### Raw data
══════

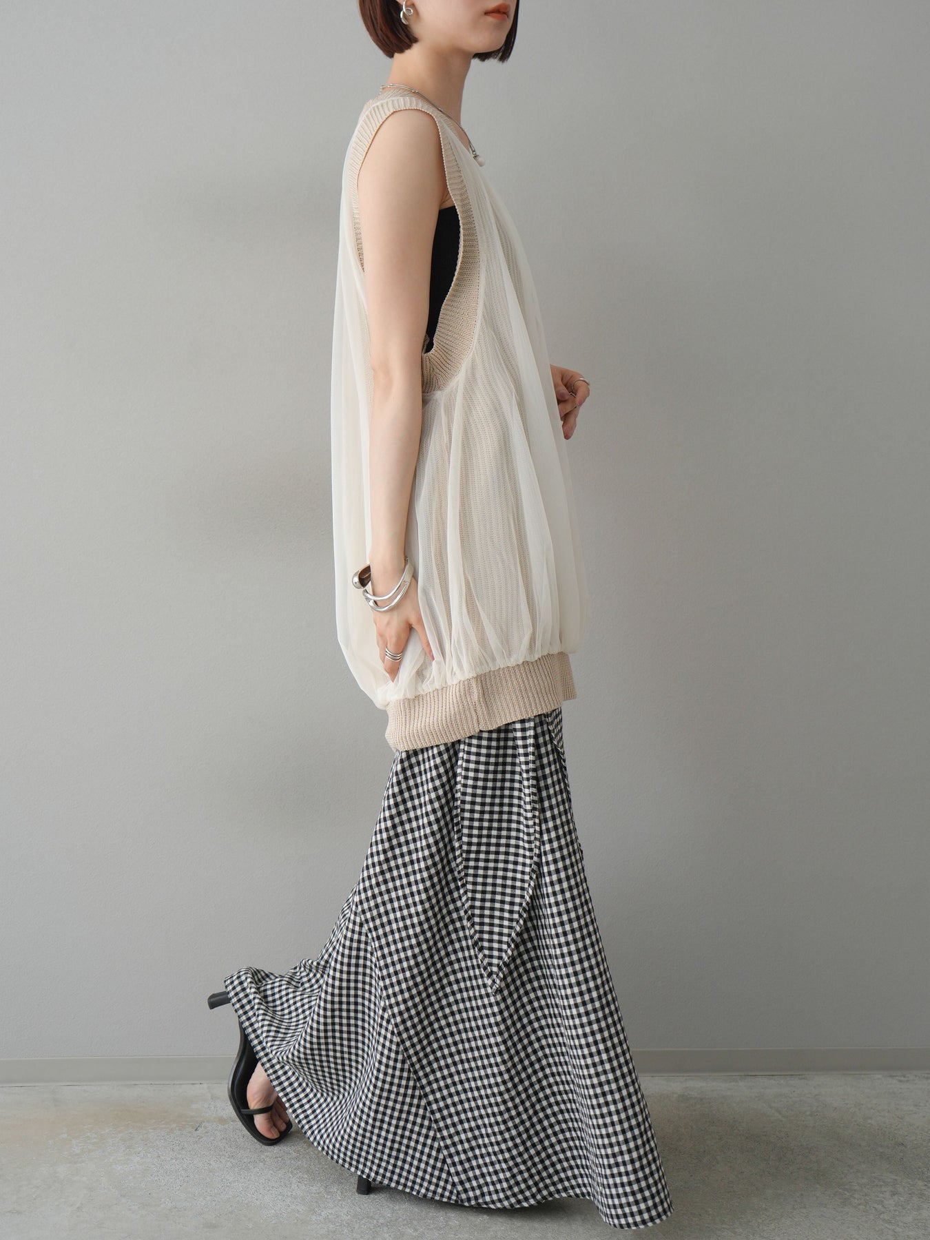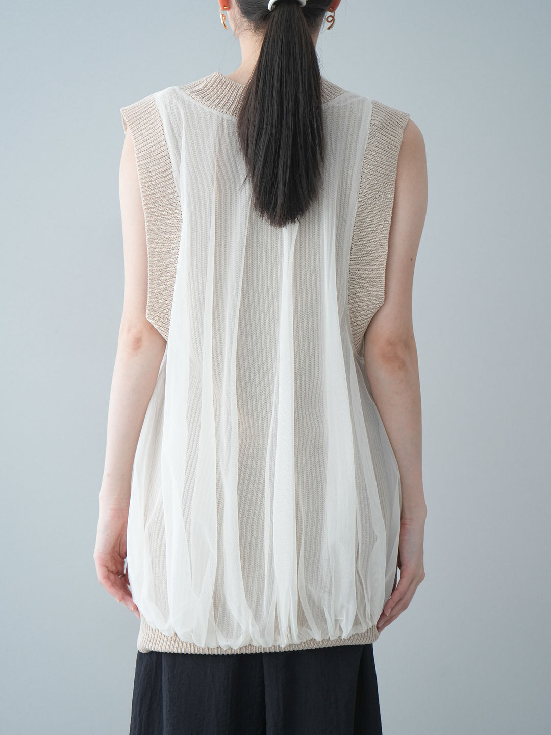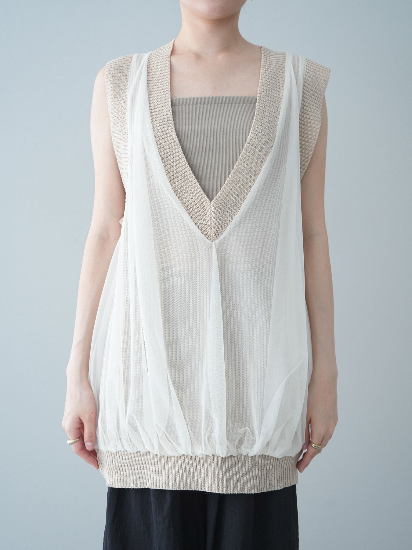 チュールとリブニットをドッキングさせた、表情豊かなVネックベスト。シアー感のあるチュールが軽やかさを演出し、レイヤードスタイルに奥行きを与えます。深めのVネックデザインが抜け感をプラスし、インナーとの組み合わせで様々な表情に。トレンドライクなディテールを取り入れた、着映え力抜群の1枚です。 ※ボトムス、キャミソール(インナー)以外の商品は一律でインナーは付属していません
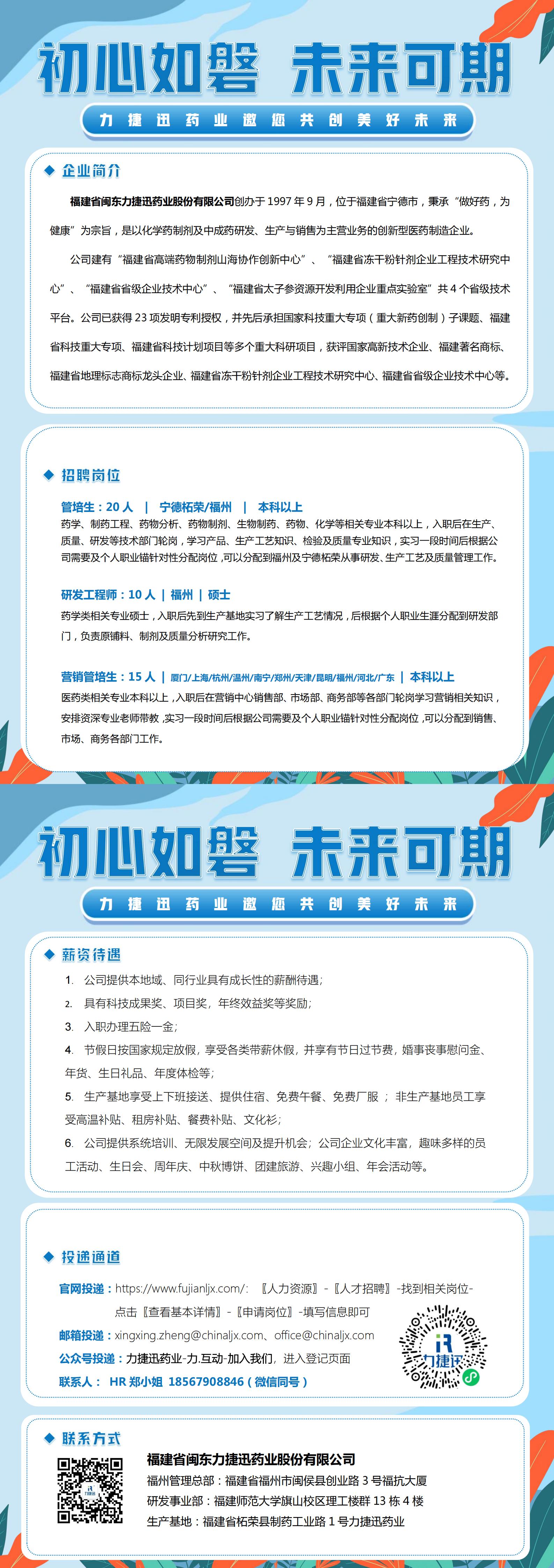福建省闽东力捷迅药业股份有限公司2024届校园招聘
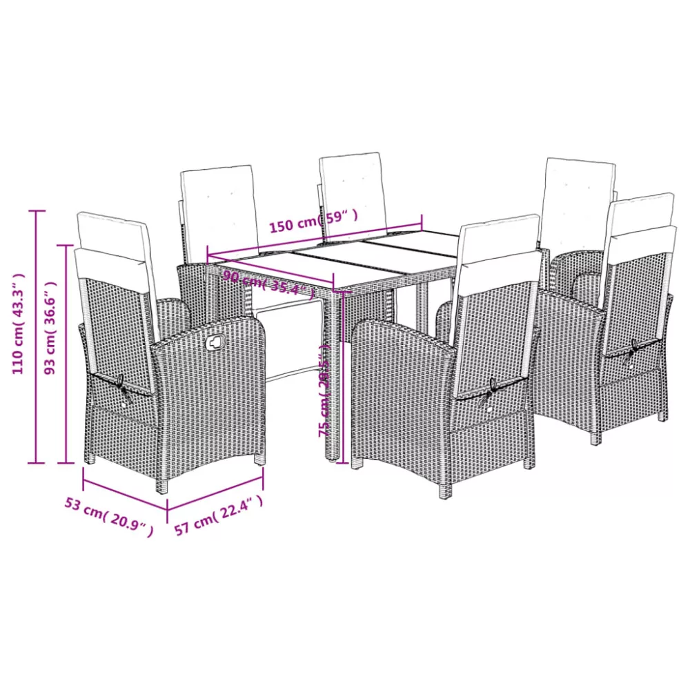 - Anyaga: polietilén rattan, porszórt acélváz, edzett üveg

══════

### Exercise details
Write out the lines of the listing from the one that holds "福建省闽东力捷迅药业股份有限公司2024届校园招聘" to the very last line, both included, exactly as they appear and without any pictures.

### Written answer
福建省闽东力捷迅药业股份有限公司2024届校园招聘
 - Anyaga: polietilén rattan, porszórt acélváz, edzett üveg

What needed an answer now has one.